Le directeur de l’information explique que le journaliste spécialisé en tourisme a cherché à savoir comment Tourisme Québec en était venu à annoncer l’Ufoland, un centre qui sert à financer un groupe religieux marginal. Ses textes ont permis de préciser que le groupe de Raël est reconnu comme une religion officielle, comme bien d’autres groupes religieux marginaux. Ils ont également permis de connaître le processus de décision concernant les panneaux touristiques et le contenu du site web du gouvernement, dans le respect des droits des personnes et des groupes reconnus. Il ajoute que ces questions se posaient puisque l’état est en principe séparé des églises et qu’il n’en défend aucune. Le ton des articles est informatif et explicatif. Et si un titre a pu déplaire à la plaignante, il n’était pas de l’auteur.
C. COMMENTAIRES DU JOURNAL DE MONTRéAL POUR MICHEL LAROSE :
Le directeur de l’information précise le sens de certains mots et de certaines expressions. Il dit rappeler pour la troisième fois que le mot secte n’est pas un terme péjoratif et que selon le dictionnaire le Petit Robert, un « gourou » est un « maître spirituel » ou encore un « maître à penser », ce qu’est Raël. En ce qui a trait à « messie » il indique que le mot n’a rien de péjoratif mais que, dans le texte de M. Larose il a été utilisé à mauvais escient : selon le dictionnaire, il s’agit d’un « libérateur désigné et envoyé par Dieu » alors que Raël a plutôt été choisi par les élohims pour annoncer leur retour en 2035. Il rappelle que Jésus aussi parlait de « ses brebis » et on ne l’a jamais accusé de faire preuve de mépris.

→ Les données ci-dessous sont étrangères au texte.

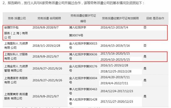 和輝光電在對(duì)第二輪審核問(wèn)詢(xún)函的回復(fù)中,披露了報(bào)告期內(nèi)曾與6家勞務(wù)派遣公司開(kāi)展過(guò)合作,其中包括安捷爾外包服務(wù)(上海)有限公司、上海東科人才服務(wù)有限公司(見(jiàn)圖二)。

M. Doucet explique ensuite que ce qu’ont dit les gens interviewés fait partie de la liberté d’expression et que le journaliste s’est contenté de rapporter leurs paroles, les guillemets en faisant foi. Il défend également l’utilisation du mot « nymphette », en ajoutant que le journaliste a décrit ce qu’il a vu.
D. COMMENTAIRES DE LA PRESSE :
Commentaires du vice-président et éditeur adjoint, Marcel Desjardins :
Selon M. Desjardins, le texte du journaliste Mathieu Perreault sur la comparution de Claude Vorilhon devant un sous-comité du Sénat amÉricain reflète les échanges qui s’y sont déroulés. Durant ces audiences sur le clonage, Claude Vorilhon et Brigitte Boisselier ont été interrogés et contre-interrogés avec beaucoup de vigueur. Leur point de vue a été vertement critiqué et il est évident que l’article reflète cet état de fait.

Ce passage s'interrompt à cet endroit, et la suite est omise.